Despite some admissions of error from the city, and a temporary cap on increases in assessed valuations, co-op officers and elected officials from Eastern Queens who in recent weeks have declared a “tax revolt” aren’t backing down.
Many of you may have read the recent article in The Cooperatorabout this controversy in which a locally-based organization known as the Presidents Co-op Council and its supporters protested skyrocketing increases in assessed valuations that they claimed were unfair.

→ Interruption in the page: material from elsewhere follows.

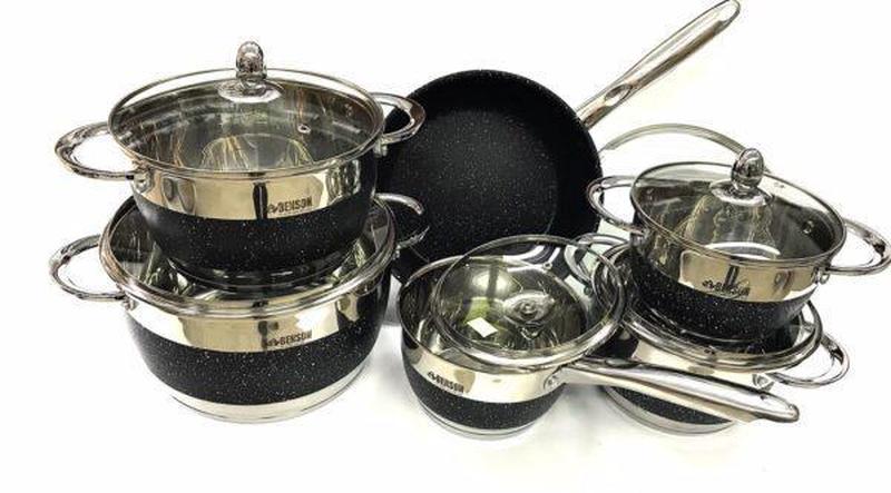 BN-293 (2) - это универсальный набор кастрюль из нержавеющей стали, который обязательно пригодится в любой кухне. В комплект входят 5 различных по размеру кастрюль: 2,1 литра, 2,1 литра, 2,9 литра, 3,9 литра и 6,5 литра, а также сковорода. Каждая кастрюля имеет удобные ручки для переноски и стеклянные крышки с отверстием для пара. Красный цвет набора придаст вашей кухне яркость и оригинальность. Нержавеющая сталь, из которой изготовлены кастрюли, обладает высокой прочностью и долговечностью. Она не подвержена коррозии и не взаимодействует с пищей, сохраняя ее свежесть и вкус. Благодаря тому, что материал не впитывает запахи и не меняет цвет при нагревании, вы сможете готовить разнообразные блюда без опасения за сохранность вкусовых качеств ингредиентов. Каждая кастрюля имеет удобный объем и удлиненную форму, что позволяет равномерно распределять тепло по всей поверхности. Таким образом, блюда готовятся быстрее и экономятся энергозатраты. Сковорода с антипригарным покрытием поможет вам приготовить вкусные жареные блюда без лишнего использования масла. Набор кастрюль BN-293 (2) отличается не только высоким качеством материалов и функциональностью, но и стильным дизайном. Красный цвет придаст вашей кухне яркий акцент и подчеркнет вашу индивидуальность. Этот набор станет отличным подарком для тех, кто ценит комфорт и уют в своем доме. Приобретите набор кастрюль BN-293 (2) сегодня и наслаждайтесь легкостью приготовления вкусных блюд каждый день!
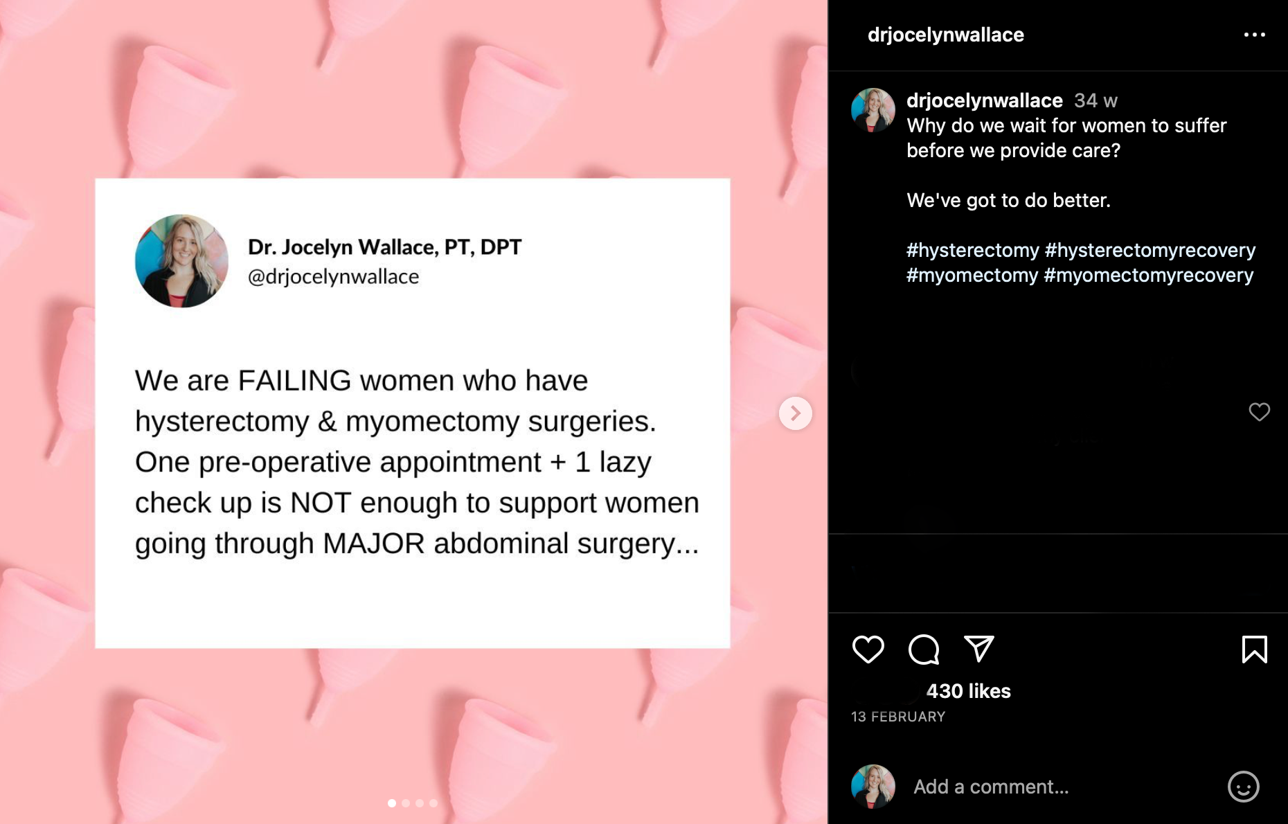 The mission of my work is to change the culture of support and aftercare that women get after major surgery. It is not common practice or standard of care to provide women with detailed preparation or rehabilitation for gynecological surgery.

While most of these increases were less than 10 percent in past years, this year, some of these co-ops received increases of 86 percent, 122 percent, even 147 percent. This meant bad news for residents, since property taxes are based on these assessments, and many of these cooperators are seniors and others living on fixed incomes. Were property taxes to go up, these costs would have to be passed on to the shareholders in the form of steep increases in their monthly maintenance fees.
Cap Imposed
After two months of meetings, hearings and more agitation that stretched from Glen Oaks to Flushing to Whitestone and from Bayside to Fresh Meadows, the city’s Finance Department first declared that it would cap property-tax increases for all city co-ops at 50 percent for this year only. But after a heated City Council hearing on May 2, where Commissioner David Frankel testified before council members, he conceded that mistakes were made and that overall tax increases should be in the neighborhood of around 10 percent. The City Council announced that they have reached an agreement with the mayor’s administration to cap increases in market values of all co-ops and condos at 10 percent for the next two years, according to Councilman Mark Weprin, D-Queens.
Attorneys Mark Hankin and Geoff Mazel of the law firm of Hankin & Mazel, PLLC have been hired to represent the President’s Council on behalf of the beleaguered Queens co-ops. Speaking informally to this writer at the recent Cooperator Expo, Hankin said that the board presidents and the legal team have spoken to the City Council members, asking them to try to get the Finance Department to lower the assessment increases. At the May 2 public hearing, Commissioner Frankel was grilled by council members seeking answers to the inflated valuations.